Sales to Ford accounted for 37.1% and 39.7% of segment revenues for the nine
months ended September 30, 1999 and 2000, respectively.

      SEGMENT PROFIT. Segment profit increased $1.9 million, or 5.5%, from
$34.6 million (17.4% of OEM net sales) for the nine months ended September
30, 1999 to $36.5 million (19.5% of OEM net sales) for the nine months ended
September 30, 2000. The increase was primarily the result of the changes in
sales volume and mix of remanufactured transmissions as referenced above,
coupled with improved yield, favorable material variances, the benefit of
cost reduction initiatives over the past 12 months and lower allocated
management fees in 2000 as compared to 1999.
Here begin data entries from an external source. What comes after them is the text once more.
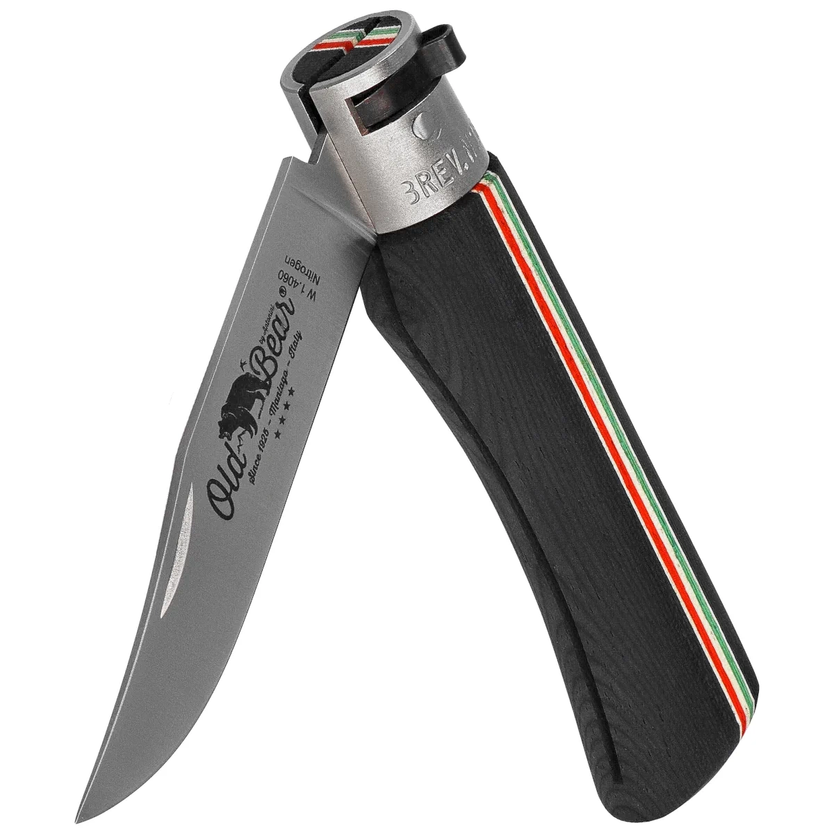 Nóż składany Antonini Old Bear World Italy L Laminated Black Wood, Satin W.1.4060 Nitrogen (9307/21_MTK)
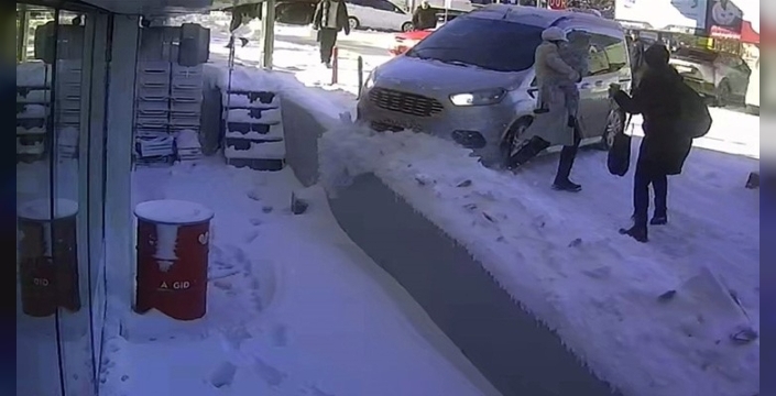 Olay, ilçenin Kültür Mahallesi'nde bulunan Adalet Plaza önünde meydana geldi. Buzlanma nedeniyle kayan araç, yolda çocukla birlikte yürüyen iki kadına doğru savruldu. Neyse ki, kadın ve kucağındaki bebek, son anda araç altında kalmaktan kurtuldu.
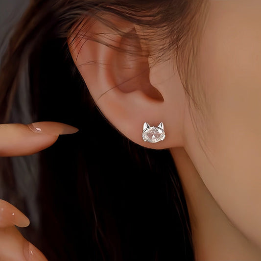 Sterling Silver Zircon Kitten Stud Earrings
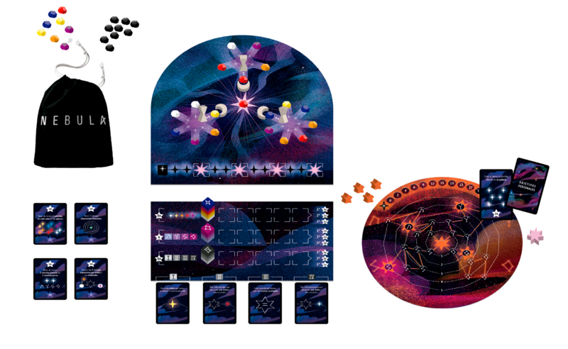 ¿Pero de qué se trata? Nebula es un juego abstracto con temática espacial, en donde los jugadores tendrán que ir tomando turnos para adquirir y posicionar diferentes tipos de estrellas para formar patrones, ganar puntos y realizar misiones secretas. Es, por naturaleza, un “multijugador solitario”, es decir, cada jugador se preocupará de su tablero, teniendo como interacción principal el tablero común en donde estarán las estrellas que podrán adquirirse a través de dos mecanismos distintos.
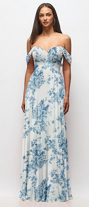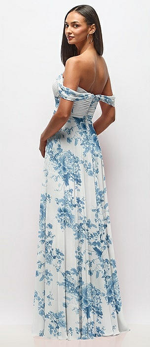 Off-the-Shoulder Draped Chiffon Maxi Dress in watercolor print

      OTHER OPERATING UNITS

      The following table presents net sales, special charges and segment
profit expressed in millions of dollars and as a percentage of net sales:

<TABLE>
<CAPTION>
                                               For the nine months ended September 30,
                                               ---------------------------------------
                                                    2000                   1999
                                                   ------                 ------
<S>                                        <C>           <C>           <C>        <C>
Net sales.............................      $ 63.9        100.0%        $  42.9    100.0%
                                            =======       =====         =======    =====
Special charges.......................      $    -            -%        $   0.1      0.2%
                                            =======       =====         =======    =====
Segment profit........................      $ 12.7         19.9%        $   5.5     12.8%
                                            =======       =====         =======    =====
</TABLE>


      NET SALES. Net sales increased $21.0 million, or 49.0%, from $42.9
million for the nine months ended September 30, 1999 to $63.9 million for the
nine months ended September 30, 2000. This increase was primarily
attributable to increased sales in the Logistics Services business unit,
driven by the strong growth in the market for cellular phones and services.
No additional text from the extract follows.